Updated: Oct 12, 2022
By Diane Corso
The International OCD Foundation has designated October 9-15, 2022, as International OCD Awareness Week to help raise awareness and reduce the stigma of this mental illness. An estimated 1.2% of adults in the United States had OCD in the past year with the incidence higher for women than men.
OCD has been a part of my eating disorder (ED) journey, and I know this is common to many others as well. The disorder is characterized by intrusive, repetitive thoughts or obsessions that lead to compulsive behaviors — in my case, not eating and excessive exercise.
My Early Struggle with OCD
From the time I was a young child, everything had to be in order. Each item of clothing was folded tight and stacked squarely in place. All of my crayons were aligned in the same direction. I even cleaned the pencil sharpener after every use.
I also craved routine and frequently did things in triplicate. When I went to bed, I’d turn off the lights three times. At a football game, I always had to shout “Go Defense” three times in a row.
Having things in order gave me comfort, and repetitive action calmed me in a way nothing else could.

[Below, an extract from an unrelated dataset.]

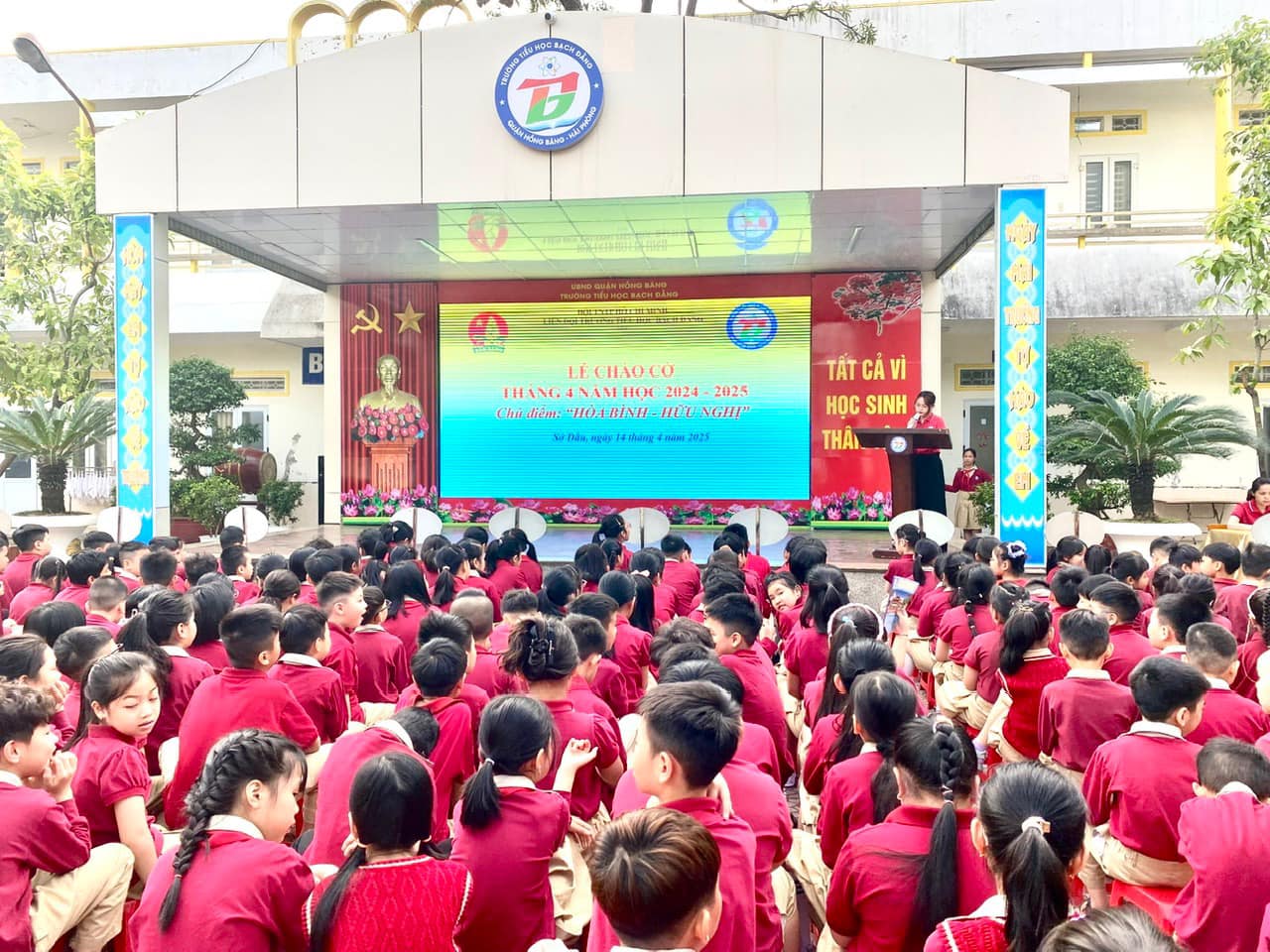 Sáng thứ Hai, ngày 14/04/2025, Liên đội trường Tiểu học Bạch Đằng tổ chức SINH HOẠT DƯỚI CỜ tháng 04/2025 với chủ đề: "Hoà bình - Hữu nghị"; Chuyên mục “Mỗi tuần một cuốn sách hay, một tấm gương sáng, một tình bạn đẹp"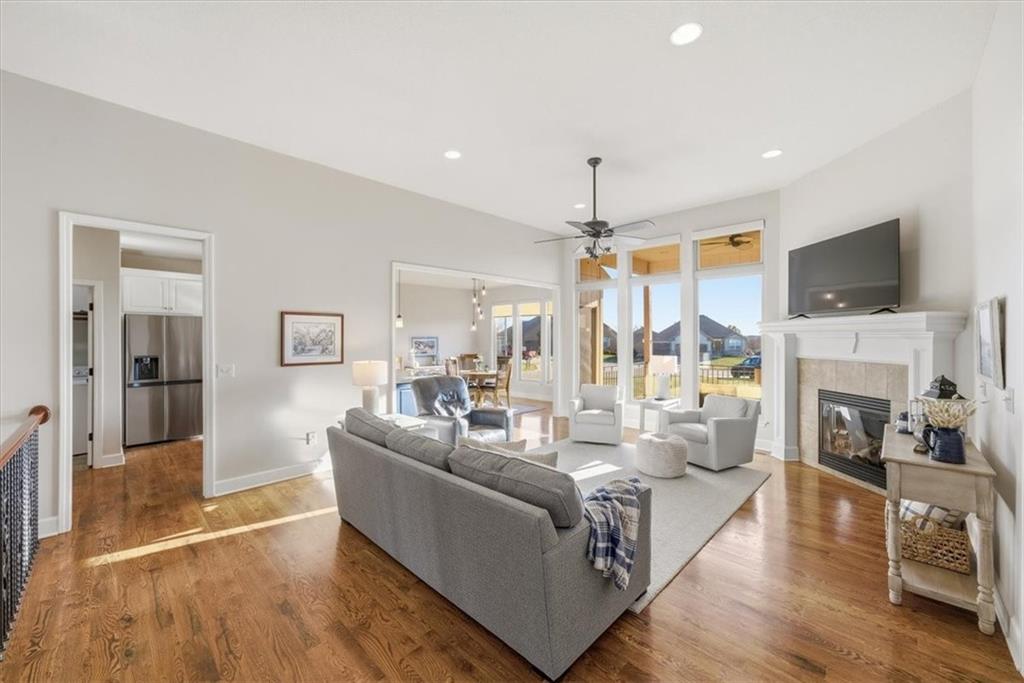 Like new home in a GOLF COURSE community! Highly sought after original Villa Section with LOW monthly HOA, just $105 per month! Optional additional annual HOA dues available for use of the pool. Ranch plan with three bedrooms on the main floor and one on the lower level, plus two large living areas and tons of storage. This beautiful home, lovingly and meticulously cared for is move-in ready. New shades in living and dining rooms and painted kitchen cabinets. Side entry garage and an impressive front entry combine for great curb appeal. Located on a cul-de-sac. Lawn Maintenance and Snow Removal provided by the HOA. The Falcon Lakes Villas community is uniquely welcoming, friendly and connected, providing a "lifestyle", not just a location. A public restaurant at the club house, food trucks, a bunco group, book clubs, pickleball group, and water aerobics are some of the opportunities available. With quick and easy access to K-7, it is an easy 30 minutes to the airport and to many parts of the metro. Just 10 minutes to the Legends Shopping and Entertainment District. Acclaimed Basehor-Linwood Schools.

My Obsessions — Eating and Exercise
Eventually my need for order and routine (my OCD) carried over into my eating habits. My diet was something I could control. When the concept of serving sizes, portions and calorie counting entered my radar, I became laser focused on measuring my food, and the ED monster began digging his claws into me. Combine this with my compulsion for excessive exercise, and I began to slide deeper and deeper into ED.Not eating and exercise became autonomous and my way of controlling an out-of-control world.
An Ongoing Battle
My OCD and anorexia remain a struggle for me. If I am unable to exercise or eat my “safe” foods, severe anxiety, distress and guilt can come into play. And sometimes nothing can quiet the thoughts racing through my mind, and the energy imbalance can make it nearly impossible to stop the behaviors. However, I am committed to confronting my OCD and have found that making small adjustments helps me to reduce its damaging hold on my life:
1. Leaving some things messy and unorganized (i.e., inside my car and leaving fingerprints on the car doors)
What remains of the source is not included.